The second matter to be addressed is the clarity of what Paul is saying here. Here, like in Romans and Galatians, Paul is so clear that there is and only ever has been one spiritual people of God. The Mosaic Law, and the physical people of God it was given to, have served their purpose in God’s plan and are no longer part of that plan. We cannot make a distinction between Jews and Gentiles since the coming of Christ. We cannot believe God has any current or future plan for Israel, and neither can we believe that the Jews are somehow not to be evangelized and brought into the spiritual fold of God. Misunderstanding any of this has led to a lot of false theology (I love you my dispensationalist brothers and sisters, but your theology is dangerous), and a lot of Christian anti-Semitism (brothers and sisters, as Paul said in his letter to the Romans, we owe God’s physical people a great debt for what they were in the plan of God!).
Paul is really nailing the point home here in the first three chapters of this letter. We are one people. Christ reconciled believing Jew and believing Gentile to God as one people (vv. 15-16). Remember, Paul is talking about spiritual realities, not physical perspectives. Since the Gentiles were reconciled along with the Jews, we who were once alienated from the commonwealth of Israel (v. 12) are now, along with the believing Jews, fellow citizens of the household of God’s people (v. 19). Paul then likens us to a physical structure (metaphorically). We are a dwelling place for God (v. 22) – the true Temple (v. 21) – built on the foundation of the Word of God (the apostles and prophets – v. 20)1, with Christ as the cornerstone. This house, this Temple, this spiritual structure is made of Jews and Gentiles – Old Testament saints and New Testament saints. We are at this moment being built by the Spirit (our sign and seal of our inclusion in the New Covenant – see 1:13) together (Jew and Gentile). We are – “us both” – priests in the true Temple of God (see Isa 56:3-7, 61:66, 66:18-21).
In 3:1 Paul refers to himself as a prisoner, likely pointing to his first house arrest in Rome (Acts 28:30). He tells the believers of Asia Minor that the mystery (that Jews and Gentiles are one) was revealed to him by direct revelation (v. 3). This mystery is now revealed in Christ (v. 4) and by the Holy Spirit (v. 5). Paul clearly tells us what the mystery is (v. 6). Jews and Gentiles are one in Christ. Paul’s ministry to the Gentiles is to preach the Gospel: that we can all be part of the people of God – all those elect from eternity past who are justified by grace alone through faith alone in Christ alone – Jew and Gentile. Even now, the spiritual powers of darkness are being made aware that this was God’s eternal plan (v. 10). They realize it as the church expands to the end of the earth through the Gospel (see Acts 1:8). This was always God’s plan (v. 12). This is why we can carry out our mission with boldness and confidence.

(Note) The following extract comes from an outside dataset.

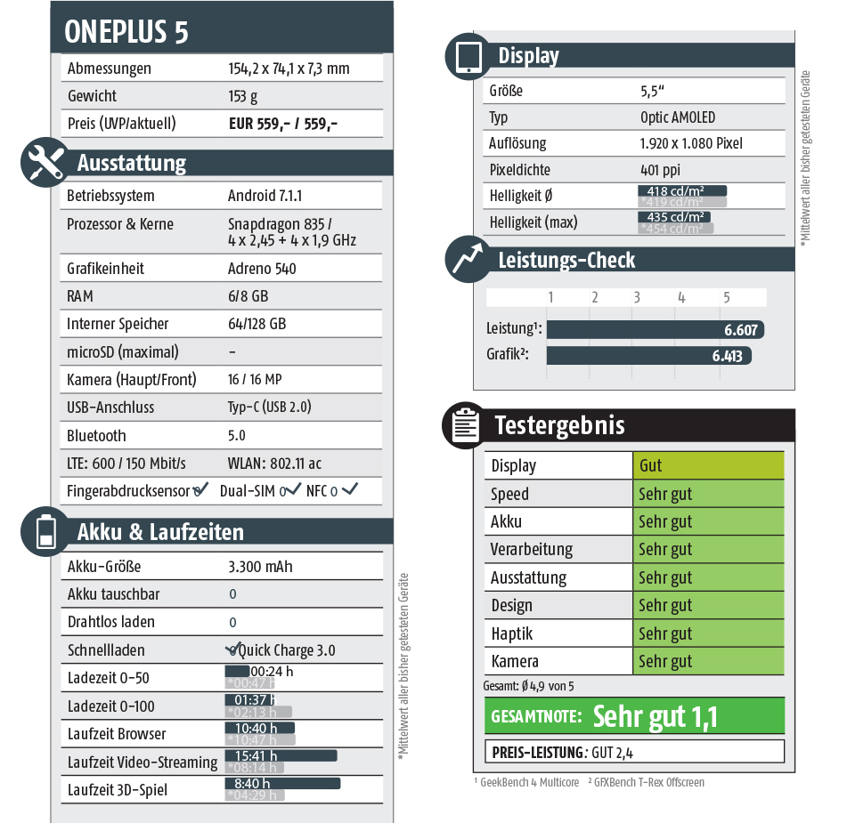 Das beweist auch unser Labortest: Das OnePlus 5 liegt leistungstechnisch genau zwischen dem Samsung Galaxy S8 und dem Galaxy S8+, die Unterschiede sind ohne Benchmark-Tests allerdings nicht zu erkennen. Andere Spitzenmodelle werden teils deutlich abgehängt, was hauptsächlich an den 8 GB Arbeitsspeicher liegen dürfte. Da erklärt es sich von selbst, dass keine App die Hardware an ihre Grenzen bringen konnte, ausnahmslos alle Aktivitäten liefen im Test butterweich. Dabei müssen wir erwähnen, dass wir die „große“ Variante im Test hatten, das OP5 konnte also auf satte 8 GB RAM zugreifen. Wer damit liebäugelt, sich das 6 GB-Modell zuzulegen: Auch das wird sich in ähnlichen Leistungsgefilden ansiedeln, 64 GB Festspeicher sind für den Normalverbraucher darüber hinaus wohl ebenfalls ausreichend. Der Speicher lässt sich in beiden Modellen allerdings nicht mehr erweitern.

Paul then praises the Father for all He’s done. He has named every family (or “lineage”) as His own (v. 15). Paul prays that the Christians would be strengthened by the Spirit to carry out their calling (v. 16), through Whom they are united to Christ Who dwells within them (v. 17), and that they would spiritually comprehend (that which surpasses knowledge) the love of Christ (vv. 18-19). Through them, God’s power will work more than they can imagine (v. 20), and God’s glory will be spread through the end of time (v. 21).
1 The prophets and apostles here are both agents of New Testament revelation, as in 3:5. The idea is that the New Testament reveals the truth latent in the Old Testament which could not be fully understood until the completed work of Christ.